Abstract

Celiac Disease (CeD) is often overlooked in the elderly. Delayed recognition can result in higher morbidity and mortality as it is associated with a risk of other autoimmune pathologies, malnutrition, and enteropathy-associated T cell lymphoma. Here, we present a patient diagnosed with late-onset CeD who was ultimately determined to have an atypical T-cell lymphoproliferative disorder. An 87-year-old female was admitted for evaluation of chronic watery diarrhea in the setting of recurrent readmissions for dehydration over the past several months. Symptoms remained unchanged despite several courses of vancomycin for C. difficile infection (based on PCR positive stool assay). She endorsed 15-lb weight loss. Medical history was notable for stage IV angioimmunoblastic T-cell lymphoma (ATCL), previously treated with chemotherapy and maintenance lenalidomide. Exam was notable for BMI of 19 and cachexia with temporal wasting; abdomen was soft, minimally distended, non-tender with no mass. Laboratory studies were notable for anemia (hemoglobin 9.1 g/dL), thrombocytopenia (102,000 platelets/μL), hypoalbuminemia (2.1 g/dL), and hypocalcemia (6.9 mg/dL). Stool tests for culture, Wright stain, alpha-1-antitrypsin, pancreatic elastase, calprotectin, chymotrypsin, and fecal fat were unrevealing. Vasoactive intestinal polypeptide, gastrin, and 5-hydroxyindoleacetic acid (5-HIAA) urine tests also were normal.

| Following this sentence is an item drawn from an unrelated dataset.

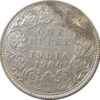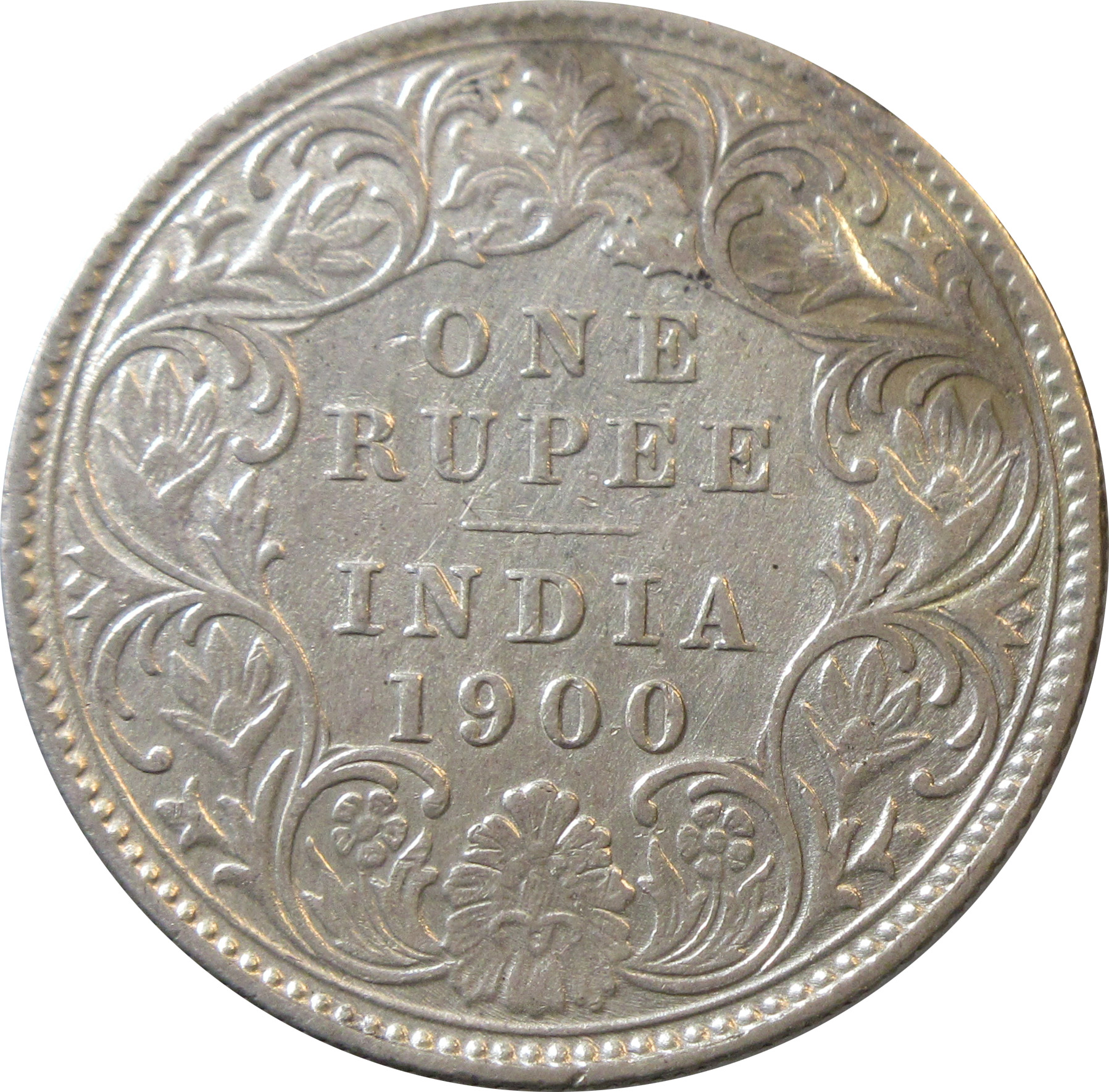 Reverse: ONE RUPEE/INDIA/1901 within scroll-like wreath of Indian flora. All within a raised, toothed border.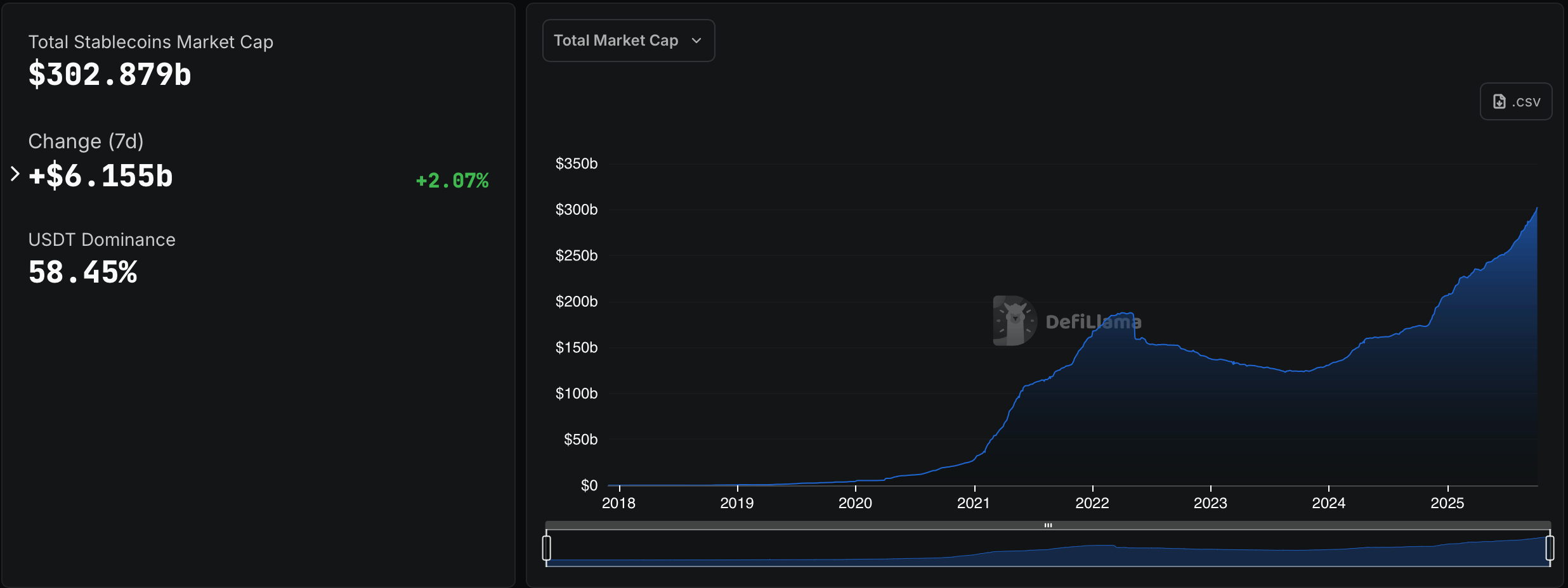 Between Sept. 28 and Oct. 5, 2025, the fiat-pegged token economy fattened up by more than 2%, with another $6.155 billion worth of stablecoins entering circulation. As of Sunday, the sector’s total value hovered at $302.879 billion, according to defillama.com’s stablecoin stats.

Celiac serologies returned positive for tissue transglutaminase (72.2) and endomysial antibodies (1:80). CT scan demonstrated multiple prominent mesenteric lymph nodes throughout the GI tract. Upper endoscopy with duodenal biopsies confirmed diagnosis of CeD and duodenitis. Given her history of ATCL, molecular testing was performed, revealing clonal rearrangement distinct from her ATCL diagnosis. Overall, the features were consistent with an atypical T-cell lymphoproliferative disorder. She continued to have severe diarrhea despite strict adherence to a gluten free diet and was discharged to a skilled nursing facility where she died several weeks later. This case highlights the need for consideration of CeD when evaluating elderly patients presenting with diarrhea-especially since the risk of developing intestinal lymphoma in this population increases with advanced age. Our patient was ultimately diagnosed with a concurrent lymphoproliferative disorder involving the GI tract that was likely related to underlying CeD.